## GOAL OF THE EXERCISE
Copy out only the lines running from the one that contains "Chaqueta bomber con" through the end of the listing. Pictures stay out.
(Beginning of RECORDED DATA)
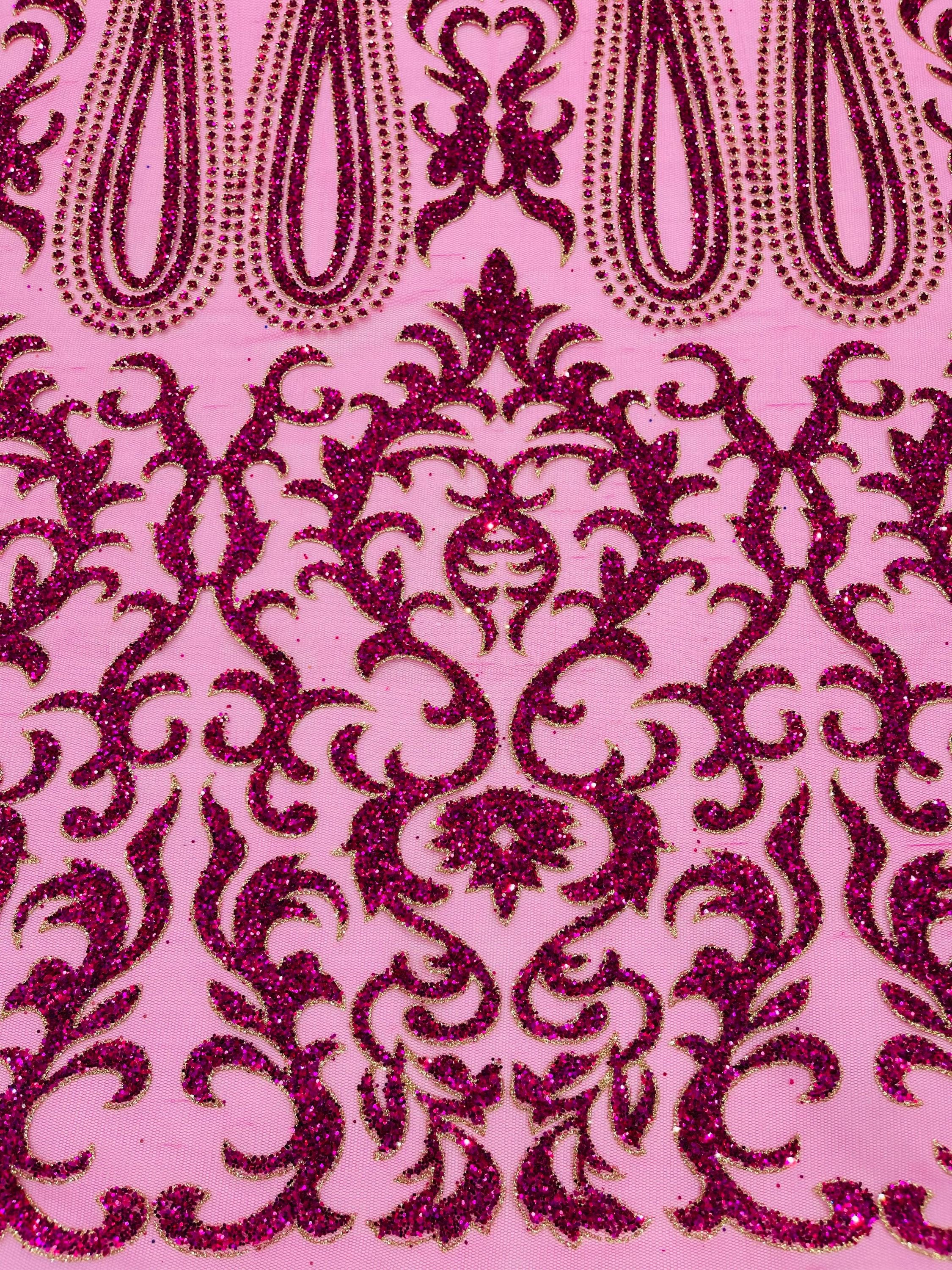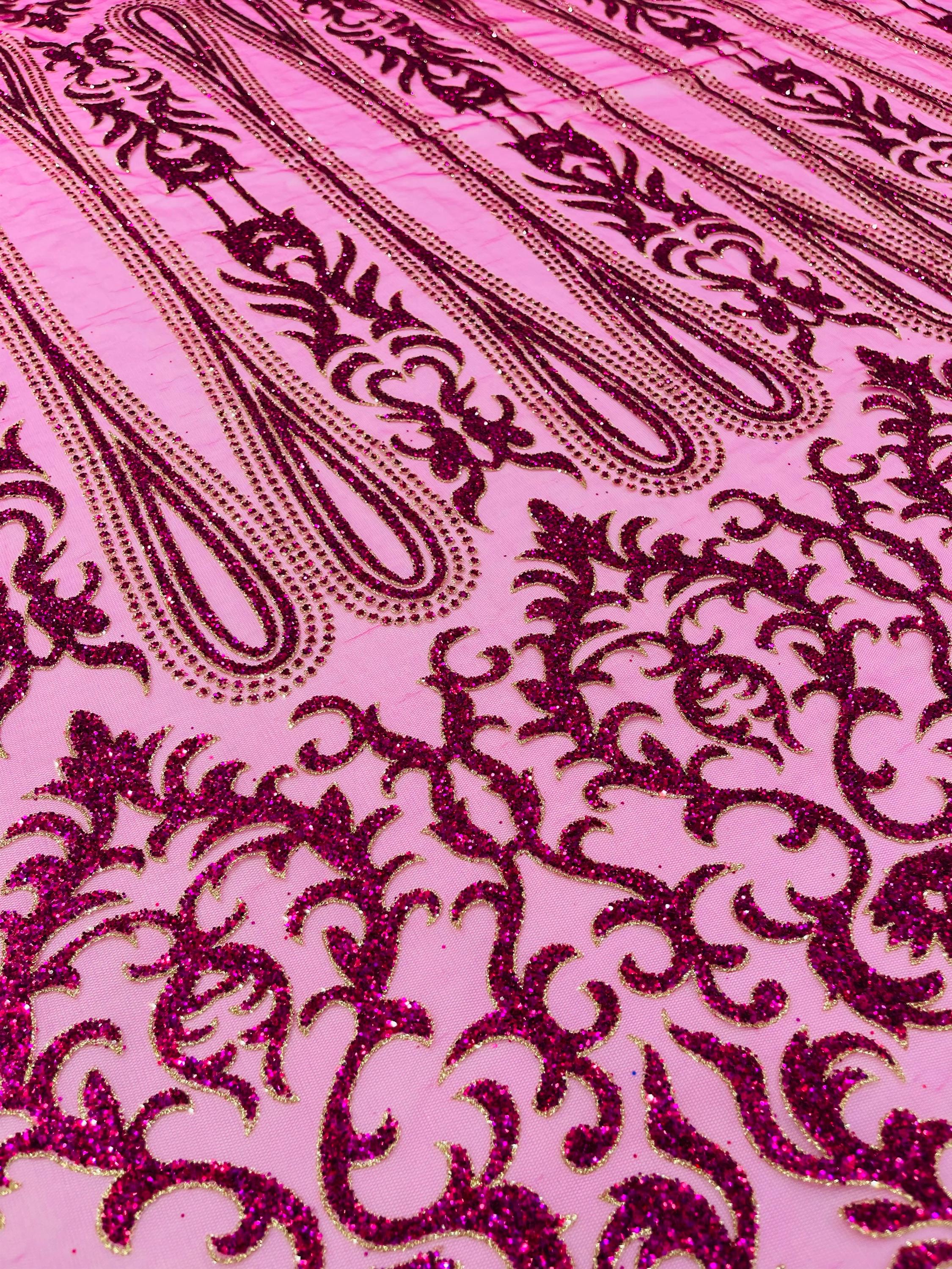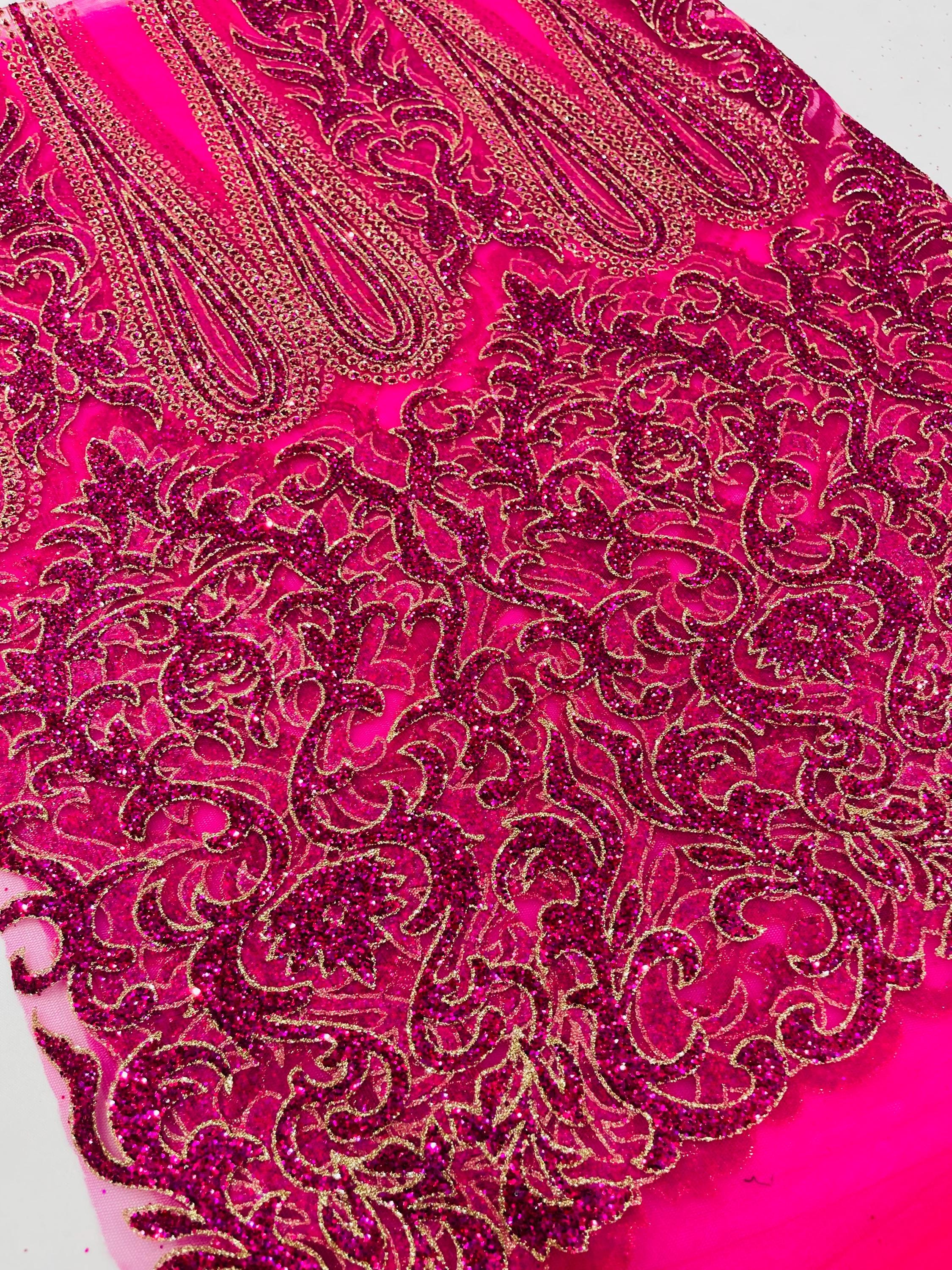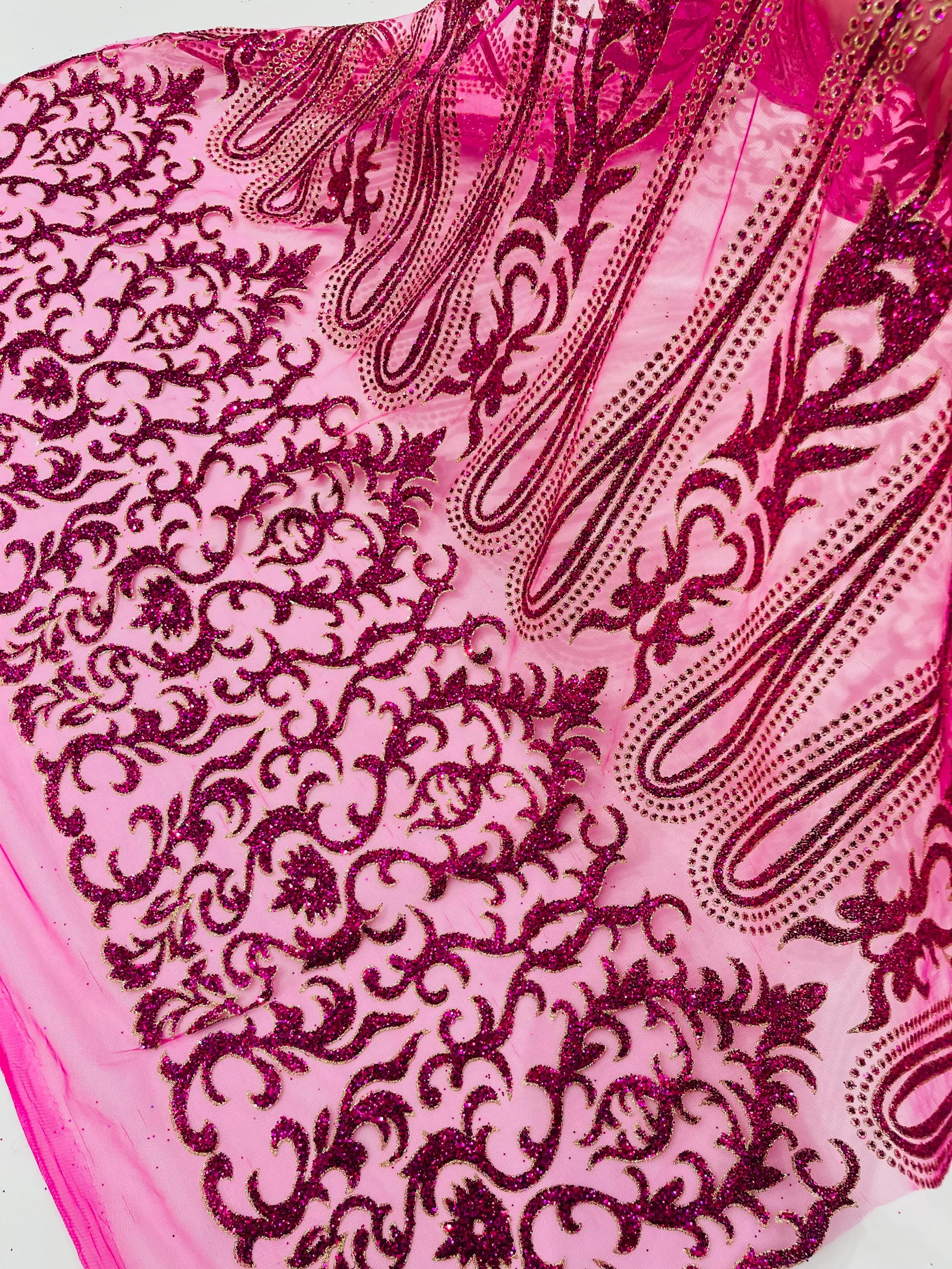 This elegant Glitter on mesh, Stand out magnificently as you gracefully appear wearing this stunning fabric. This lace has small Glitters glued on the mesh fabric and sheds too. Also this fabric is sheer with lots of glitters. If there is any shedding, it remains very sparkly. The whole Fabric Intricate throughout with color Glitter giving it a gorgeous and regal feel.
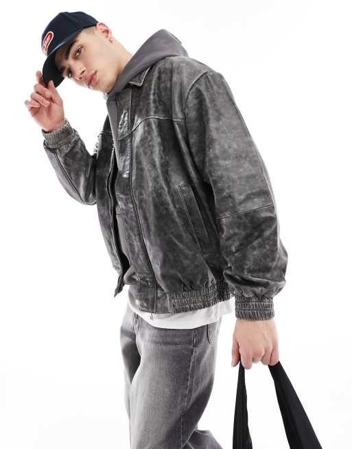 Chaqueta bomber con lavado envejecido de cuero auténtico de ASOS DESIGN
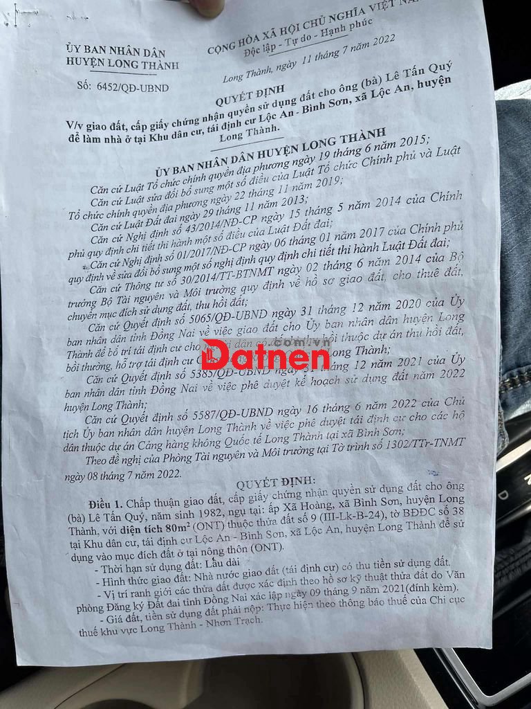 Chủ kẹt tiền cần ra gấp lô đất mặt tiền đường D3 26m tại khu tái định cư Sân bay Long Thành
(End of RECORDED DATA)
## WRITTEN ANSWER
 Chaqueta bomber con lavado envejecido de cuero auténtico de ASOS DESIGN
 Chủ kẹt tiền cần ra gấp lô đất mặt tiền đường D3 26m tại khu tái định cư Sân bay Long Thành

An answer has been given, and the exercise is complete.